Often, she said, administrators face pressure from teachers and the families of other children in the classroom who do not feel safe and threaten to leave.
Is there a solution to expulsion?
California’s preschool expulsion legislation offers an alternative: funding for mental health consultations.
“I realized that just because you outlaw expulsion doesn’t mean you address the root causes,” said Scott Moore, the chief executive for Kidango, a large child care provider with 57 centers across Northern California, who co-sponsored and helped write the legislation.
With 3,500 students, Kidango employs 21 full-time, state-funded mental health consultants who make weekly visits to each of their classrooms, focusing on helping teachers manage their own stress and respond to their student’s needs.

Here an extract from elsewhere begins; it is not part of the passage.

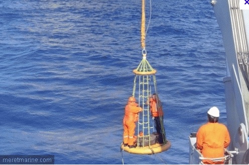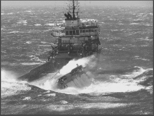 Et un fisherman's blues en entier! C'est bien, hein? Ce soir là, on a tété interrompu par l'officier de quart qui est arrivé en trombe avec la VHF portable. Vu sa tête, je me suis dit qu'on était bon pour rejouer le Titanic. Il a tendu la VHF au commandant: C'est le Smit, commandant, ils ont un gros pépin. Le Smit, c'est une supply de la société Smit qui remorque un bout de plate forme pétrolière qu'on doit gruger sur son socle dans 48h. pour info; la grue principale de la barge peut soulever 2000 tonnes d'un coup. Je suis la conversation du commandant, un matelot à fait un malaise et probablement un arrêt cardiaque et l'équipage du remorqueur est désemparé . Ils ne savent pas que la barge dispose d'une équipe médicale, c'est rageant. Ils ont fait ce qu'ils ont pu, massage et bouche à bouche, sans succès. Je fais signe au commandant qu'on y va immédiatement. Nous filons à l'infirmerie prendre le matériel de réanimation défibrillateur compris, on ne sait jamais. Avec un peu de chance, il s'agit d'un coma un peu profond. Le plus casse pied, c'est d'enfiler nos combinaisons de survie car le seul moyen, d'aller là-bas, c'est de se faire gruger sur le remorqueur qui assure la sécurité du chantier, le chien de garde. Pour ça, on utilise la grue et le Basket: Pendant nos préparatifs, la barge a été mise en travers de la houle et le "chien de garde "sous son vent pour que le transfert ne soit pas trop risqué. Quand même, la mer parait bien noire vue d'une hauteur de 15 mètres. Bon, c'est fait, nous sommes sur un joli supply peint de bandes noires et jaunes, très joli. Paf! Au moment où on met le pied sur le pont, une sacré gifle par une vague qu'on n'avait pas vu venir. Heureusement, j'avais pris soin de mettre le matériel dans un sac étanche. Je connais le commandant du "chien de garde", un type calme et très bon manœuvrier. C'est donc parti, en avant toutes, sauf que là, c'est face au vent et nom d'un chien, qu'est ce que ça secoue. Me vient à l'esprit une question idiote: comment passe-t-on à bord de l'autre remorqueur qui ne peut pas manoeuvrer? Le commandant sourit: on se met à couple et vous sautez. Ah ben oui, c'est simple, j'aurais du y penser.
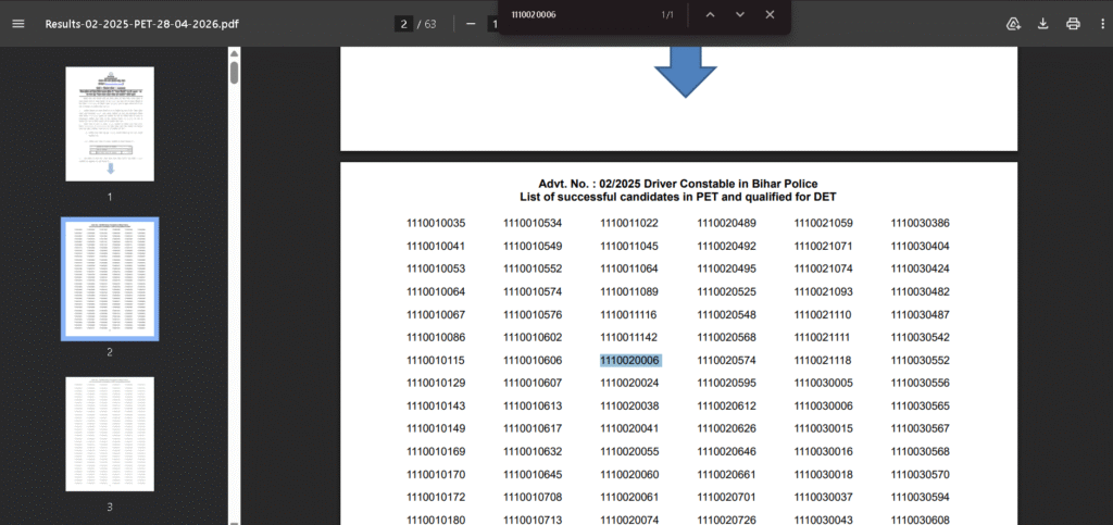 Click on the “Bihar Police Driver PET Result 2026” link (usually on the homepage).

A companion program for early intervention and inclusion sends developmental specialists into classrooms to help teachers work with children with special needs. A child who frequently ran away from circle time to climb on the furniture, for example, was able to be redirected with the help of pictures to help illustrate the day’s schedule.
On a recent day, mental health consultant Cherry Chan visited one of Kidango’s state preschool classrooms in Newark. She observed the children silently, notebook in hand, as they galloped around the playground to a song playing on a speaker. A few children held back, drawing with chalk on the concrete or looking on dubiously.
Chan made careful notes about the classroom environment: Did the teachers seem happy or stressed? Were they connecting one-on-one with the children?
Afterward, she spent an hour talking alone with two of the teachers. Teacher Cheyenne Crook, said the weekly sessions have helped her manage the stress that can make her more irritable in the classroom. Chan has also given her a new lens through which to see a child’s behavioral problems.
“Sometimes you get to the point where you’re like, ‘I feel like I’ve tried everything. What am I going to do now?’” But learning that a tantrum might really be about separation anxiety or trauma at home, she said, has made a difference.
Tena Sloan, who runs Kidango’s mental health program, says the work is challenging, and in many cases, there are no simple solutions to classroom conflicts. But the goal is to “interrupt the patterns” that tend to become entrenched in a classroom.
A child that refuses to sit still at circle time, for example, might be labeled as “defiant,” instead of stressed or overwhelmed, Sloan said. “That determines, do we have empathy for that child? Are we trying to be supportive of that child? Or are we perceiving it as a discipline issue that needs to be punished with stricter and stricter measures?”